### ACTIVITY
Below are the records; repeat exactly their lines between the line holding "White linen shorts" and the line holding "미리짜둔 포메이션에 맞게", inclusive, skipping the pictures.

### SUPPLIED ENTRIES
-------------------------

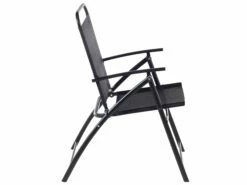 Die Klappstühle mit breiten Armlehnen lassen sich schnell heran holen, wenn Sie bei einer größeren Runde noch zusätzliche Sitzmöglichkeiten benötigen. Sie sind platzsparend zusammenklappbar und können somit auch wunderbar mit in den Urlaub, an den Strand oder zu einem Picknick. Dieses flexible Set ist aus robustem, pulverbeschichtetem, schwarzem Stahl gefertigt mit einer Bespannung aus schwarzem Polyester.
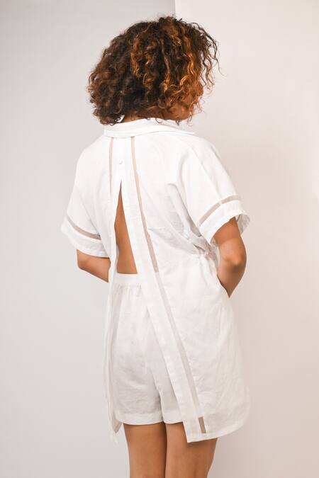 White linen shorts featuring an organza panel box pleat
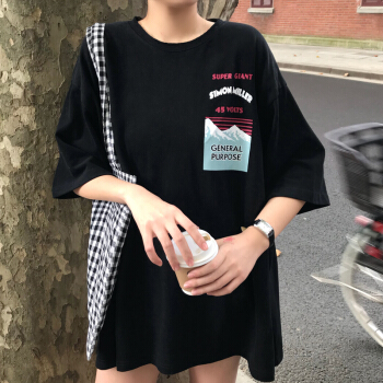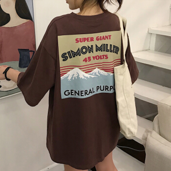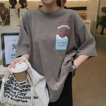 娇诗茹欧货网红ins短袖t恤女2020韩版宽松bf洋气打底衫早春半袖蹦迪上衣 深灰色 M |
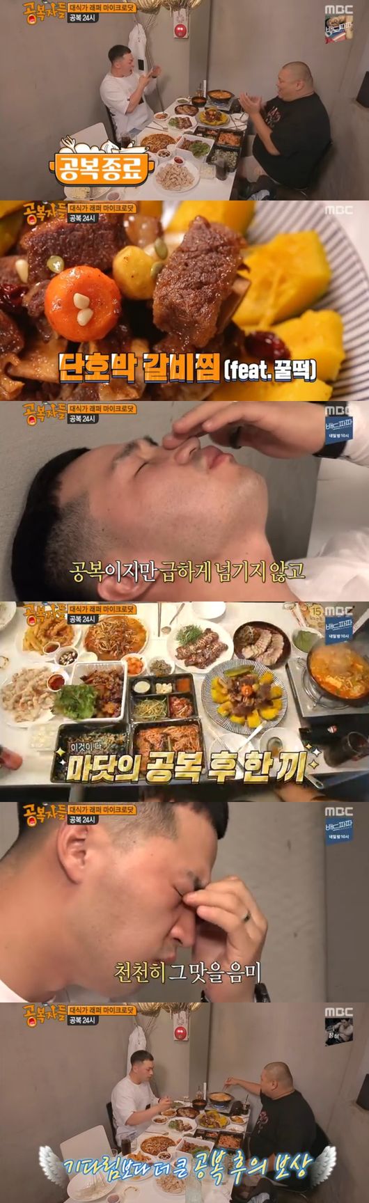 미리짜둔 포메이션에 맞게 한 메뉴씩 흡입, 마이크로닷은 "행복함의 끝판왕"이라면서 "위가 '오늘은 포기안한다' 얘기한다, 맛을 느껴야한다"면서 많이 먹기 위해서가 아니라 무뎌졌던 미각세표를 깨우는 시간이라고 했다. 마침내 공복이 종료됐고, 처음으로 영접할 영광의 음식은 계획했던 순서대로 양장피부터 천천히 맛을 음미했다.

-------------------------

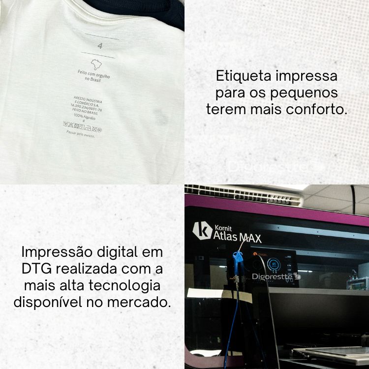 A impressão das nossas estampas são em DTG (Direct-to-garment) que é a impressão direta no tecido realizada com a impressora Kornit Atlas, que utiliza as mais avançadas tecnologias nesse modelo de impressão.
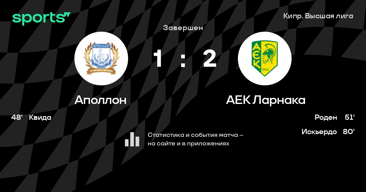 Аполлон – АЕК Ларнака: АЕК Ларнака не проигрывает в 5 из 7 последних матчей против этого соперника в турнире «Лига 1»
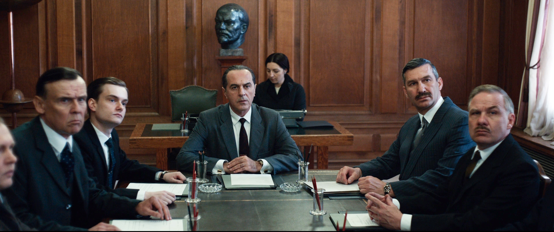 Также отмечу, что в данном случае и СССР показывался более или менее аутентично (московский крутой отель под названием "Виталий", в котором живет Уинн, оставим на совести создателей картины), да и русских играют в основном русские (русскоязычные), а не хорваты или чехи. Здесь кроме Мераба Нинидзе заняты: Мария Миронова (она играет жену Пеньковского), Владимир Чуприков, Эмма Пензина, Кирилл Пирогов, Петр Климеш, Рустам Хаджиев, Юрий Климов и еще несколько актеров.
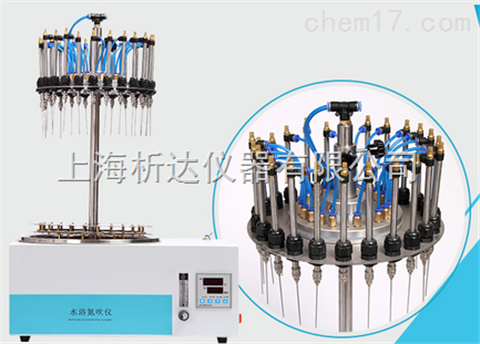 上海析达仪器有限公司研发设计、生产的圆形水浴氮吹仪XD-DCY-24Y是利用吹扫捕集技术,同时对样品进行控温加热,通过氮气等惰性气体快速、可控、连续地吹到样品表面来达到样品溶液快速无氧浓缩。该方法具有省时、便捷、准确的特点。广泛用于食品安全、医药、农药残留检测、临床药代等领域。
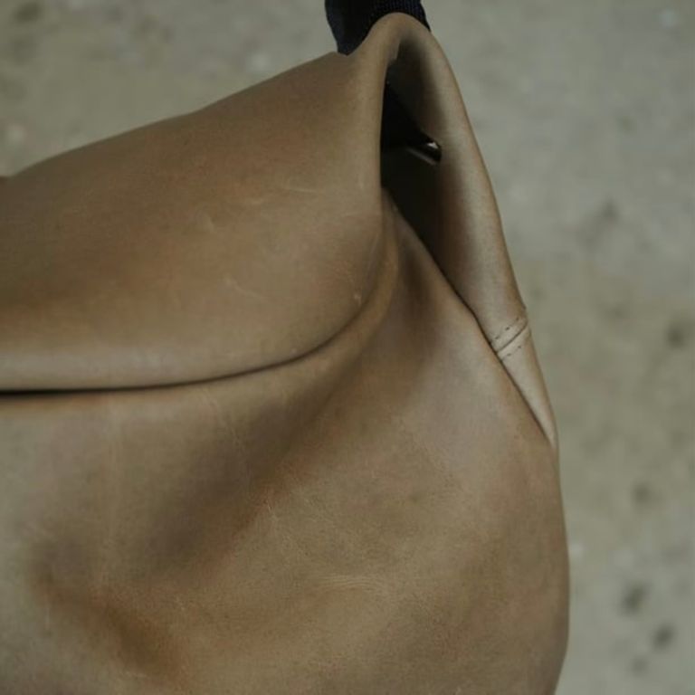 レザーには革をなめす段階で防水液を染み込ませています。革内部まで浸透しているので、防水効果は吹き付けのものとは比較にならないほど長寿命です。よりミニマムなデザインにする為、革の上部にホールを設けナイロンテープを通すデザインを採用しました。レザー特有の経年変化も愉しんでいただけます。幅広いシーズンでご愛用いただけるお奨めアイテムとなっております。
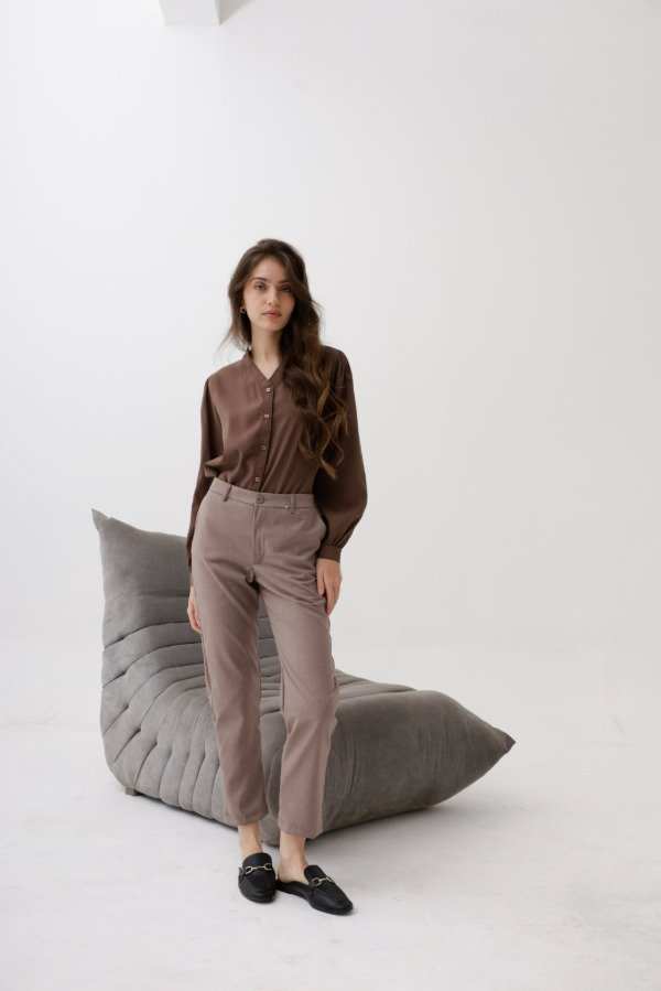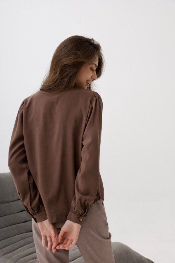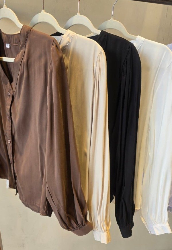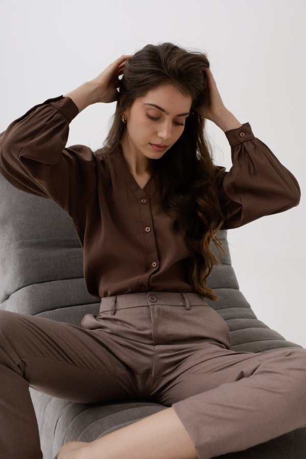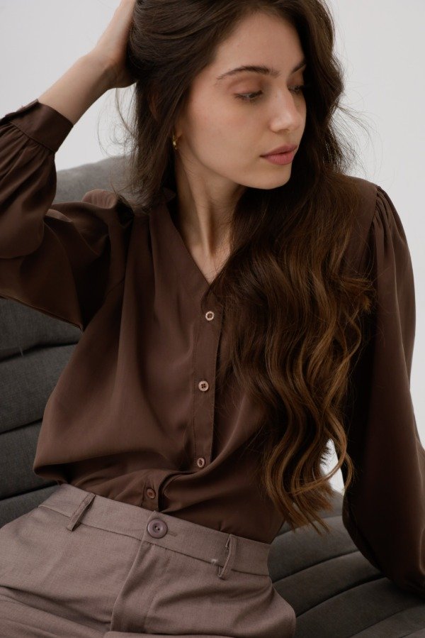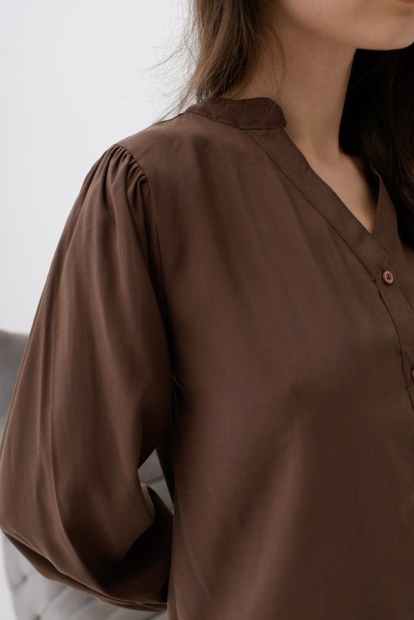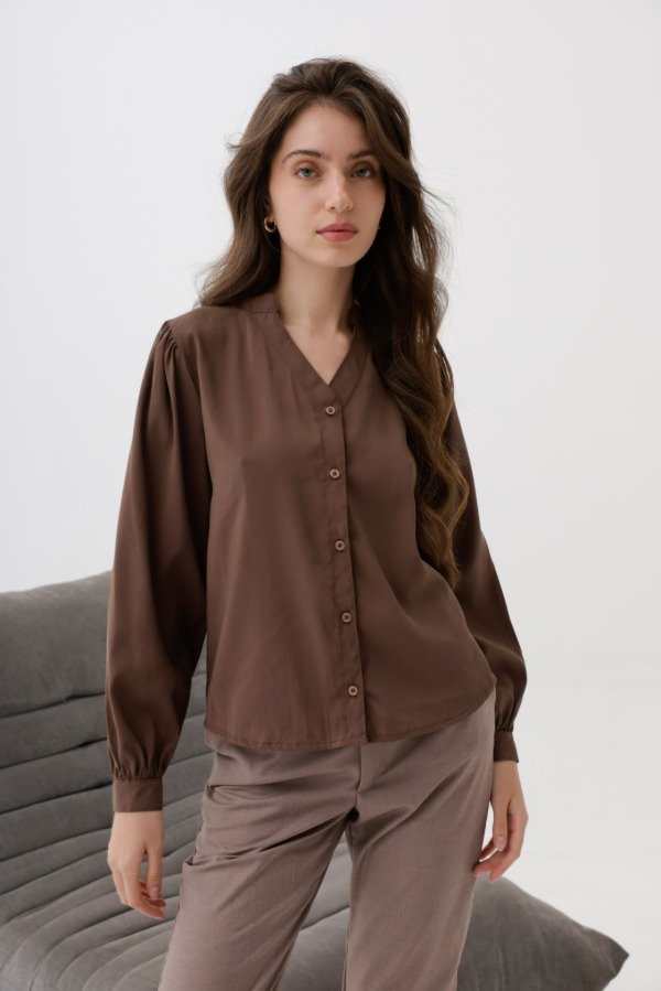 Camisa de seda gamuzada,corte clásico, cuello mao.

-------------------------

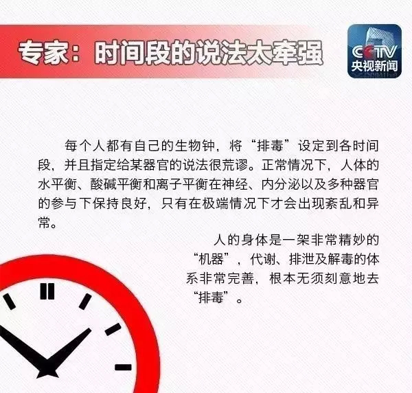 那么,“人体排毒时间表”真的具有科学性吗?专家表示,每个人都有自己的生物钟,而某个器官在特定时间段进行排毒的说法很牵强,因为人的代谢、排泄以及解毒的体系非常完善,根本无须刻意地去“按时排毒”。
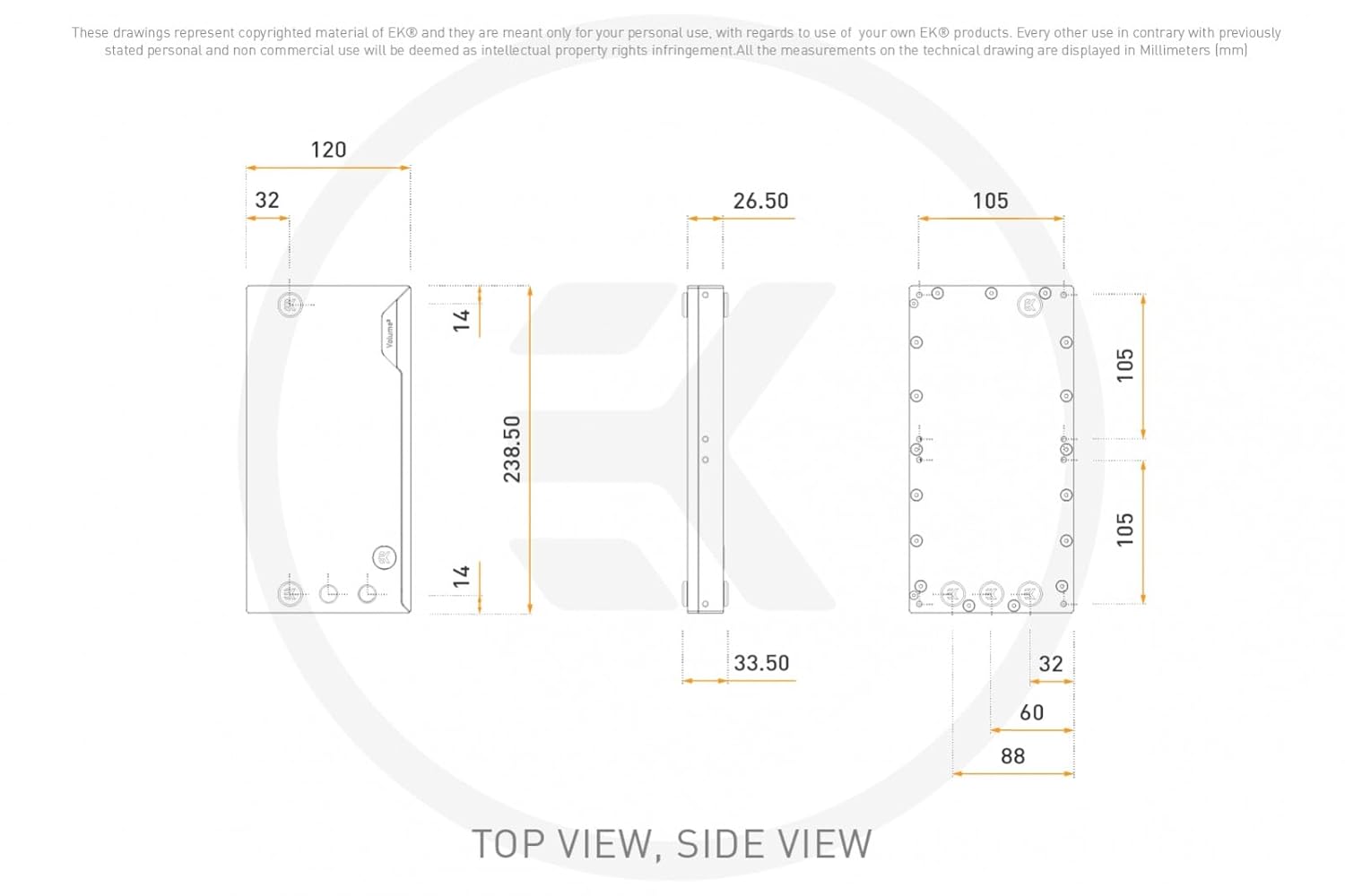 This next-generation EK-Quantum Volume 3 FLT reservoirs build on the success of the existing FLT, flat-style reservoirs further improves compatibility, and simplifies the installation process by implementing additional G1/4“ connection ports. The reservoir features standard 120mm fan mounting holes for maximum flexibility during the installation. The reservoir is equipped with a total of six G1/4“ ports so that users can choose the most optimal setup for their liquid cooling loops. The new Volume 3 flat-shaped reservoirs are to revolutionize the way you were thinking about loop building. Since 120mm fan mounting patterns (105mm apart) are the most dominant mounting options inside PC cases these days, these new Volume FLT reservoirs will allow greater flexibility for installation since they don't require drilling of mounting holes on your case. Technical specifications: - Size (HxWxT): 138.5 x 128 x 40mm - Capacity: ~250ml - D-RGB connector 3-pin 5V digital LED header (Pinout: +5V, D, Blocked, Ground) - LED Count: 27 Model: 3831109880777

-------------------------

### ANSWER TO THE PROBLEM
 White linen shorts featuring an organza panel box pleat
 娇诗茹欧货网红ins短袖t恤女2020韩版宽松bf洋气打底衫早春半袖蹦迪上衣 深灰色 M |
 미리짜둔 포메이션에 맞게 한 메뉴씩 흡입, 마이크로닷은 "행복함의 끝판왕"이라면서 "위가 '오늘은 포기안한다' 얘기한다, 맛을 느껴야한다"면서 많이 먹기 위해서가 아니라 무뎌졌던 미각세표를 깨우는 시간이라고 했다. 마침내 공복이 종료됐고, 처음으로 영접할 영광의 음식은 계획했던 순서대로 양장피부터 천천히 맛을 음미했다.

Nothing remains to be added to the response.